I'm building a booking system that its fairly simple, just a few tables and not a lot of forms (WinForms) the trouble is that its gonna be used on two locations. One is in the UK (main one) and the other one on a remote island far away from the UK, beyond the bandwidth limitation on the island there's the requirement for both to keep the data synchronized.
This operation leaves SQL Server Replication out of the possibilities because they need to be notified about changes (Inserts and Updates), so for example location A creates a record (booking) that data then is sent to location B but its displayed to the user before being included on his side.
Even after that's sorted there's the discussion about how can data be sent from one server to the other, would that need to stay on a middle ground server or can it be sent directly somehow?

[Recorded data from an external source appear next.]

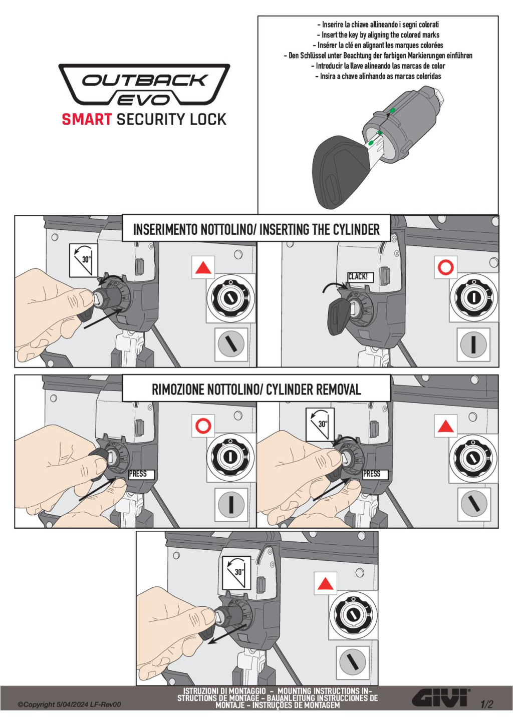 A GIVI SLR102 Smart Security Lock készletet azoknak ajánljuk, akik két Trekker Outback EVO SMART alumínium dobozt (például két oldaldobozt vagy egy hátsó csomagtartó dobozt és egy oldaldobozt) szeretnének egy kulccsal nyitni és zárni. Az új EVO SMART széria minden doboza zár nélkül érkezik, ezért a biztonságos használathoz külön meg kell vásárolni a megfelelő SLR zárkészletet.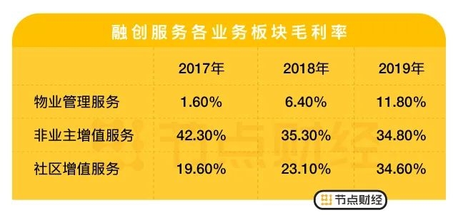 进一步分析,报告期内,核心业务也是营收占比较大的业务板块——物业管理服务,其毛利率过低或是拉低融创服务整体毛利率的诱因之一。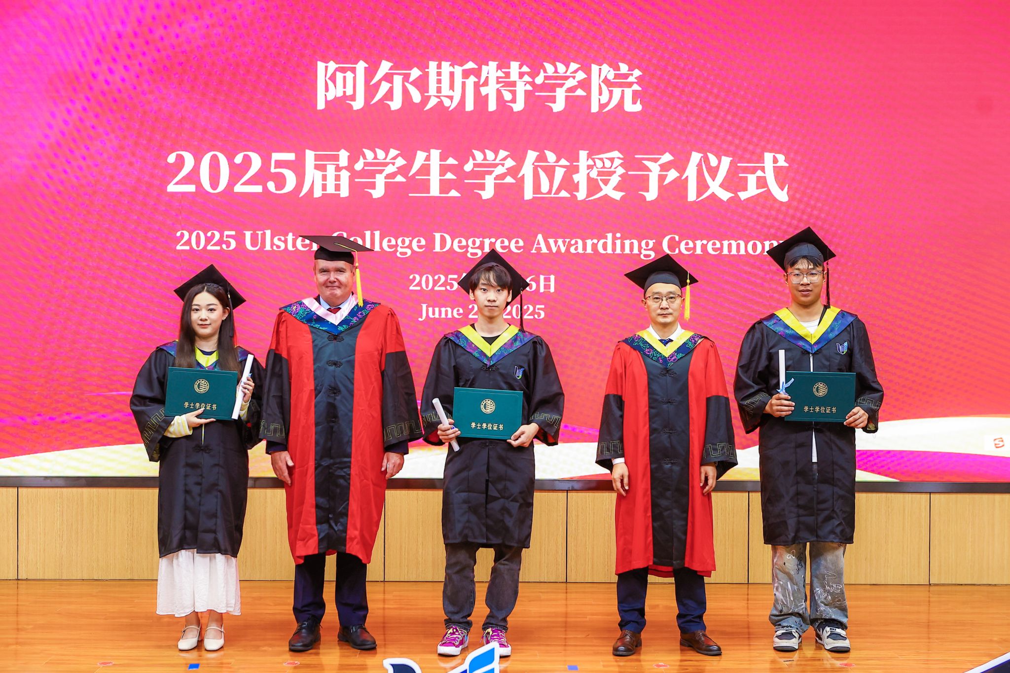 6月26日上午,陜西科技大學(xué)阿爾斯特學(xué)院2025屆畢業(yè)生學(xué)位授予儀式在學(xué)術(shù)報告廳隆重舉行。副校長費(fèi)貴強(qiáng)、阿爾斯特大學(xué)副校長Christopher Wigginton出席儀式,國際合作與交流處負(fù)責(zé)人、阿爾斯特大學(xué)相關(guān)負(fù)責(zé)人,學(xué)院領(lǐng)導(dǎo)班子成員、教師代表、2025屆全體畢業(yè)生及家長代表參加。儀式由學(xué)院常務(wù)副院長王偉偉主持。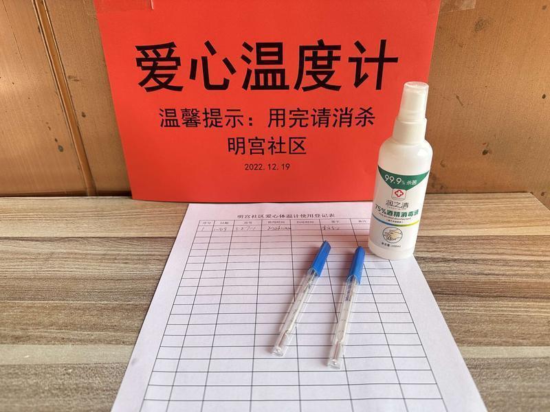 同时,为了方便更多特殊人群,明宫社区立即发动志愿者、爱心人士,在12月19日一大早将筹集到的6支体温计送到辖区各小区门口和拆迁区域居民家中,确保有需要的居民能尽快用上。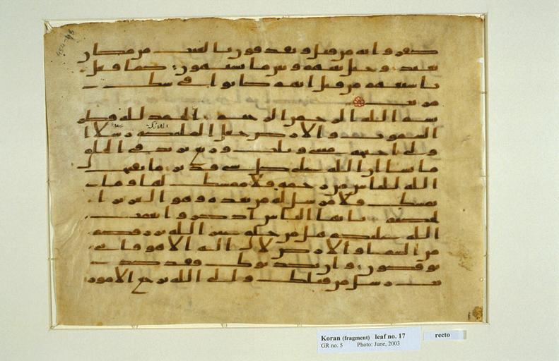 Keywords: Hijazi script - Qur'anic verses.jpg en Verses 53-54 of the 34th chapter of the Qur'an entitled Surat Saba' Sheba as well as the first four verses of the 35th chapter of the Qur'an entitled Surat al-Fatir The Originator The text is executed in Hijazi 1 script in black ink at fifteen lines per page This kind of script is typical of Qur'ans in the horizontal format produced during the 8th century LOC-calligraphy ascs 295 Unknown Calligrapher century 8 PD-Art Hijazi style Qur'an manuscripts 8th century Library of Congress Arabic Persian and Ottoman calligraphy collection |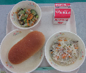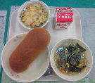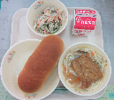 減量コッペパン、牛乳、汁ビーフン、まめまめサラダ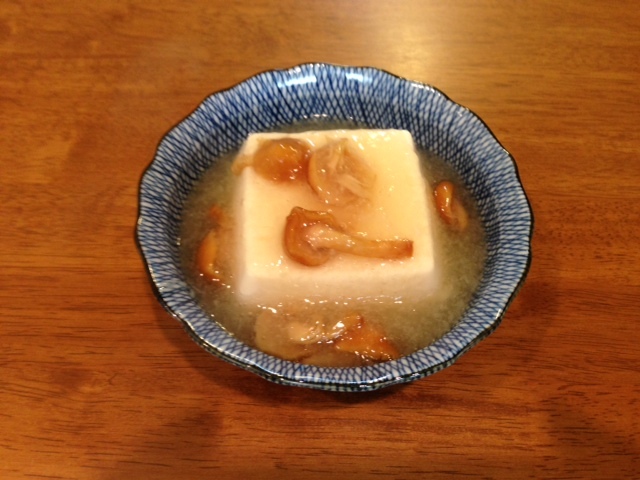 今回の秘伝だしは、水に、白だし(3)、酒(1)、みりん(1)の比率になります。だしの濃さは水の量でご調整下さい。だしに加えるものがあるため、この時点ではやや辛めの味付けにして下さりませ。このだしに、さっと洗ったなめこ、大根おろしを入れ、水溶き片栗粉を加えて熱していき、とろみがついてきたら、温まった豆腐に秘伝だしをかけて出来上がりでござります。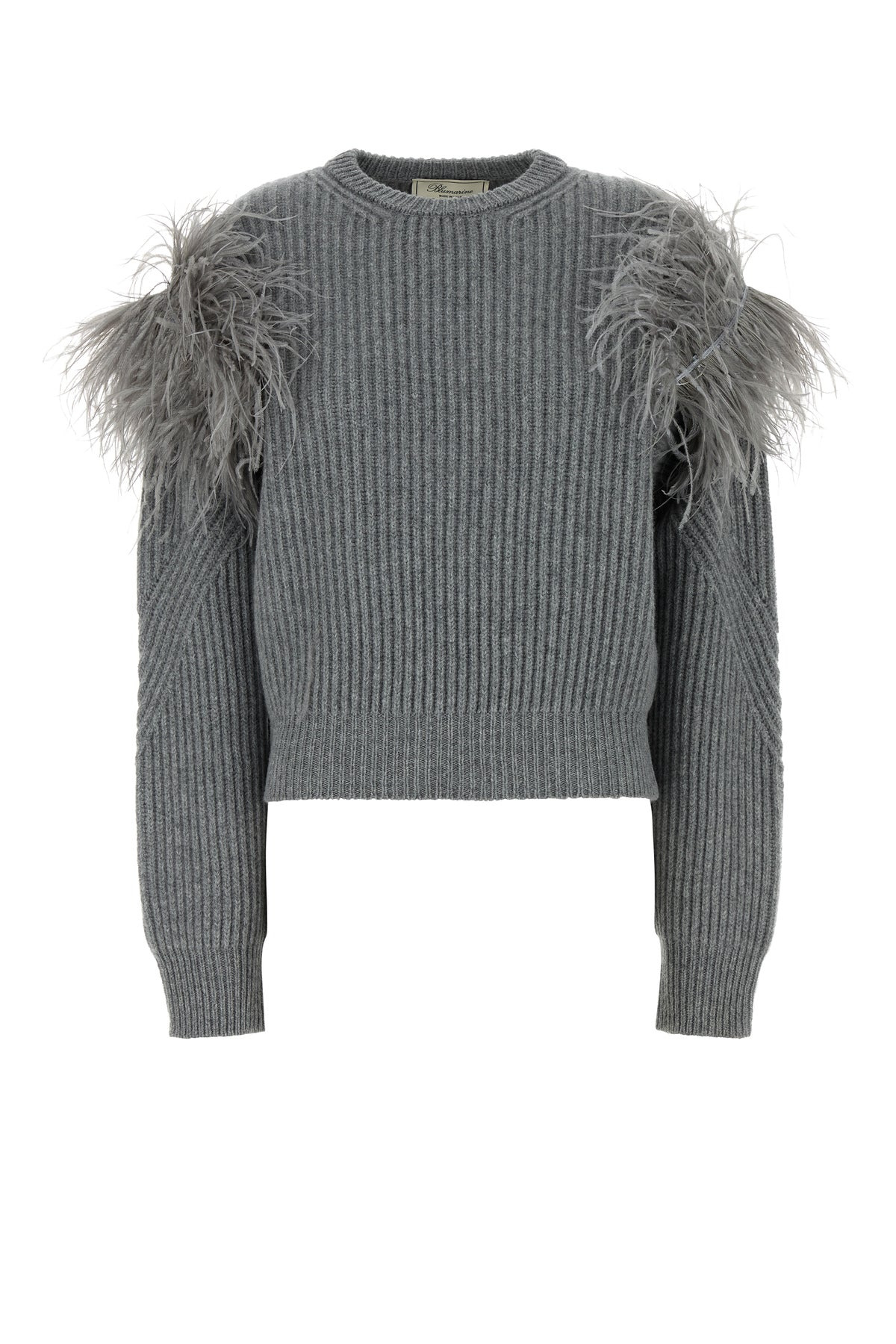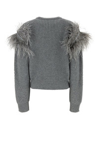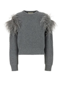 Sweater realized in pure wool enriched by feathers at the top. - Ribbed crew-neck, cuffs and hemline DETAILS Grey wool sweater Exterior: 100% Wool Made in italy Sample size: 40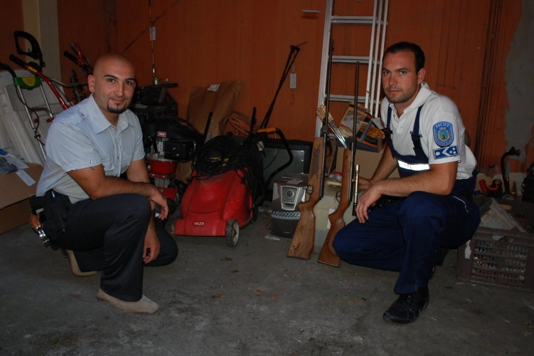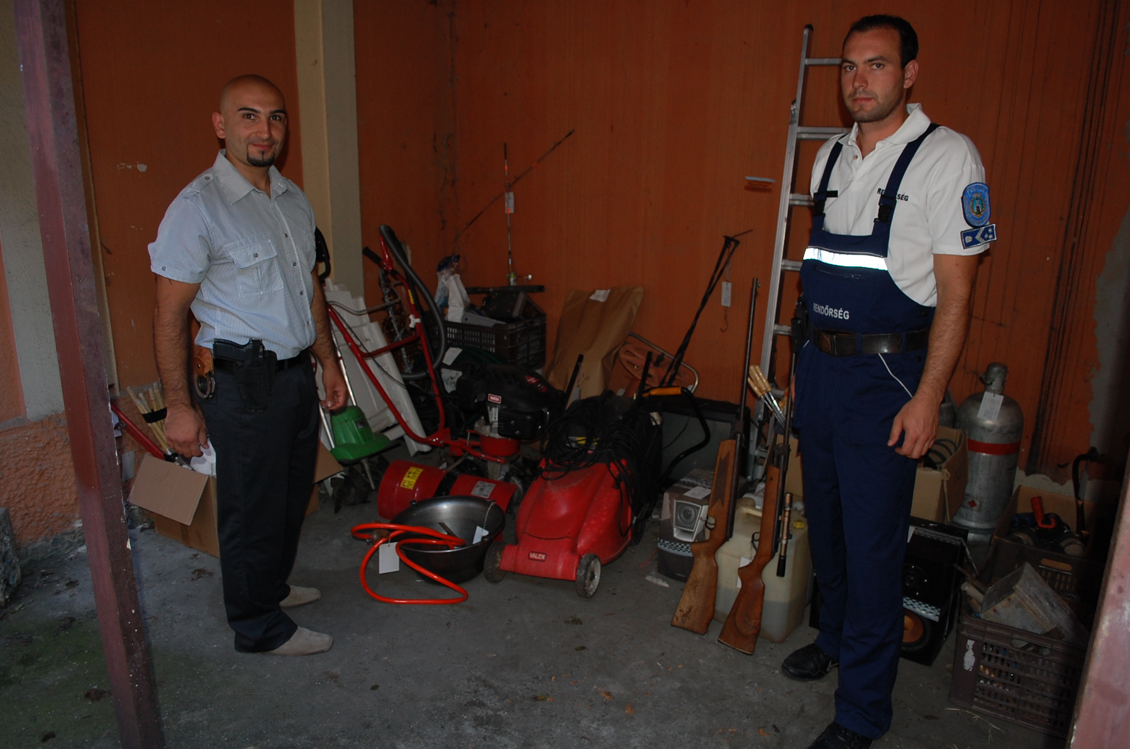 Balról Zámbó István r. ftőrm. nyomozó, jobbról Fekete Roland r. ftőrm. bűnügyi technikus a lefoglalt tárgyak egy részével.

Many questions, any suggestion?
May 3, 2017 at 11:58 am
Can you use a single database, put it in azure and add logic around the add some logic around accepting a change
May 3, 2017 at 12:43 pm
A hotel reservation system is certainly an application where you want to have each user accessing a central database. If it's important to have an operational fail-over mode, just in case one or both locations lose internet connectivity, then perhaps have them using a central cloud hosted database by default and then a low latency replication process can synchronize a local database at each office. In the event that internet connectivity is lost, it would only then fail over to using the local database, but only in read-only mode, just so they can lookup customer account information or whatever until connectivity is restored.
"Do not seek to follow in the footsteps of the wise. Instead, seek what they sought." - Matsuo Basho
May 3, 2017 at 7:02 pm
You need not just place a booking, you need also to make sure the booking can be actually placed.
Because it's possible that 30 seconds before the booking placed on location A the same room (or whatever you're booking) was booked by a client on location B.
Therefore, every booking must stay "requested" until it's "confirmed" (or "rejected").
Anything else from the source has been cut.